I transferred a domain from Gsuite to Google Domains earlier last month, but have encountered a few hiccups. It may be possible that DNS records were not selected to be migrated during the transfer, so the domain was inaccessible for a period for at least a few weeks.

This issue was noticed on September 15 during an infrequent site maintenance. It was observed that the domain and its respective subdomains were inaccessible. Investigations led to the observation of missing DNS records. Recovering the records back was simple and resolved the issues.

Satisfied with the results, I closed out the Gsuite Trial account and attempted to add the domain as an alias domain to LDI. Verification of the MX records was taking over 24 hours, but I was prepared to wait for the full 72 hours. 

Later in the day, I happened to noticed that the naked domain on the recovered site was failing to resolve. The naked custom domain had somehow been removed from the App Engine console. This should have been an easy fix, but attempting to add it back kept throwing a few errors in the UI: "There is an operation pending for this application. Please wait and try again." Another item of note, which was not blocking, was Google's recent addition to App Engine for automatic SSL management alleviates needs for solutions such as LetsEncrypt. But the certificate generation for this domain was not completing in any reasonable fashion. I choose to fall back to my LetsEncrypt certs for the subdomain during the investigation. There were few other even less descriptive warnings or small bugs where subdomains (and not the naked domain) would be auto added even if I did not complete the prompts.

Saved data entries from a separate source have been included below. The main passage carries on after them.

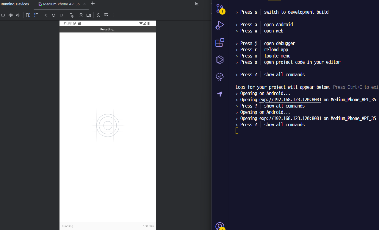 - 에뮬레이터에서 Expo Go 앱은 개발 서버에 연결해 번들을 실행한다.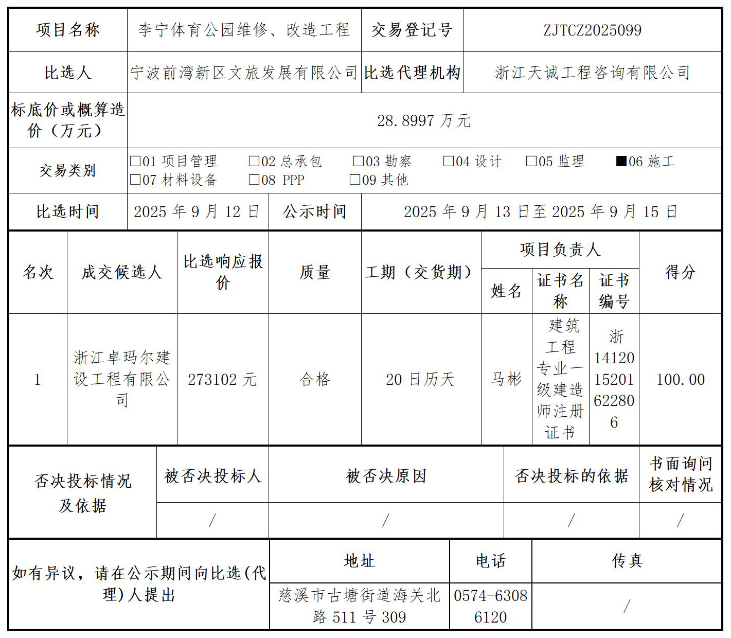 (编号:ZJTCZ2025099)李宁体育公园维修、改造工程中标(成交)候选人公示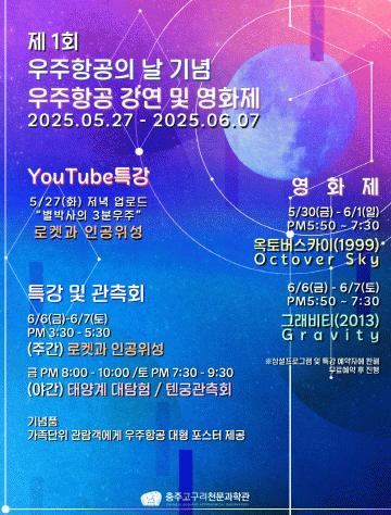 ¿ìÁÖÇ×°øÀÇ ³¯À» È«º¸Çϰí, ¿ìÁÖÇ×°ø¿¡ ´ëÇÑ ¾î¸°À̵éÀÇ ²ÞÀ» Ű¿öÁÖ±â À§ÇØ À̹ø Çà»ç ±â°£ µ¿¾È ¾ÆÀ̵éÀ» µ¿¹ÝÇϰí õ¹®°úÇаüÀ» ¹æ¹®ÇÏ´Â °¡Á·´ÜÀ§ °ü¶÷°´µé¿¡°Ô´Â ¿ìÁÖÇ×°ø°ú °ü·ÃµÈ ´ëÇü Æ÷½ºÅ͸¦ ±â³äǰÀ¸·Î Á¦°øÇÑ´Ù.

These are a very vague issues, but due to personal urgency, I attempted a few steps to resolve.
  • Create a synthetic record to foward from the naked domain to the subdomain.
  • Creating a new duplicated application, and associate the naked and subdomain as custom domains.
  • Canceling the MX record verification, considering an official comment about incompatibility with hosting and processing email on the same domain. 
  • Wait out this error, and hope for some batch process, etc to be resolved out. 
  • Set up the site at another host.
I tried first three options to no further results. The synthetic record mapping had the most potential, but would not properly allow SSL certificates to be forwarded from the subdomain.  I felt that since a few hours had past since investigating this issue, and having exhausted my options, I had to fall back to the last option.

As a temporary resort, I migrated the static portions of the website to Github pages and set up custom domains there. Github currently does not seem to support secure web pages on custom domains, and led to unsightly ~"This connection is not secure", and ~"This website is using insecure practices" warnings to be shown by web browsers. Adding free cloudflare DNS, SSL plan resolved the insecure warnings. Interestingly domain, MX, text record verification from Google to Cloudflare was significantly faster than verification from Google to its own DNS servers. 

This failure has come at a critical time as I have been starting to apply to other opportunities. Having others accessing prominent links to a non existing webpage hurts my outreach efforts. For over six years, LDI has never encountered a known outage of this scope and duration, and it is deeply regrettable. In the future this may be mitigated through a few simple scripts for monitoring.